# Slowly deactivating myself



## NachonCheeze (Sep 8, 2015)

Have done one trip in the last two weeks.....with no surges and the low rates I just cant justify driving, even though....for the most part...I actually enjoy it.


----------



## HERR_UBERMENSCH (Jun 3, 2016)

Same story here, opposite coast. It just isn't worth the trouble with so many drivers and so few pax. Driving 1 hour or more until I get a ping is not profitable. School will be back in soon and college kids will be back which will help a little but with the amount of drivers on the road I just don't think it will improve enough to make it worth while. Guess I will join the ranks of those who only go online during surges of 2.0 or better.


----------



## NachonCheeze (Sep 8, 2015)

Another week and did not bother to turn the app on.


----------



## Slim Pete (Nov 21, 2014)

NachonCheeze said:


> Have done one trip in the last two weeks.....with no surges and the low rates I just cant justify driving, even though....for the most part...I actually enjoy it.

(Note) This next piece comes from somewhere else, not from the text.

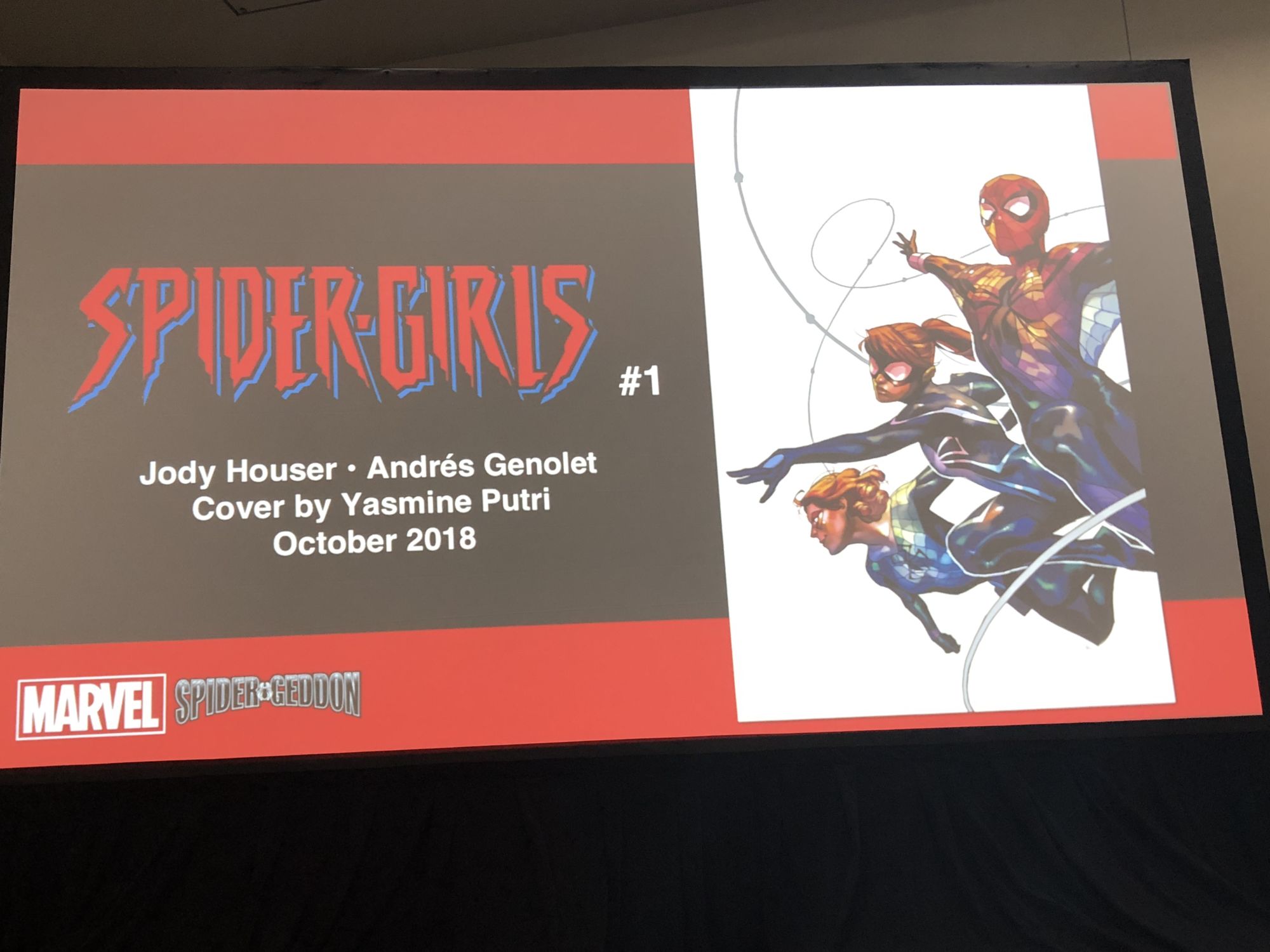 During their presentation at the Diamond Retailer Summit on at San Diego Comic-Con, Marvel highlighted three new Spider-books for October. First up, Spider-Girls, by Jody Houser and Andres Genolet. That's right — Mayday Parker is back, alongside Anya Corazon and Spiderling.

don't you feel the destination filter thing is worth it?


----------



## SurgeWarrior (Jun 18, 2016)

HERR_UBERMENSCH said:


> Same story here, opposite coast. It just isn't worth the trouble with so many drivers and so few pax. Driving 1 hour or more until I get a ping is not profitable. School will be back in soon and college kids will be back which will help a little but with the amount of drivers on the road I just don't think it will improve enough to make it worth while. Guess I will join the ranks of those who only go online during surges of 2.0 or better.


welcome to the dark side!


----------



## NachonCheeze (Sep 8, 2015)

Slim Pete said:


> don't you feel the destination filter thing is worth it?


I carpool with my wife so I dont get to use.


----------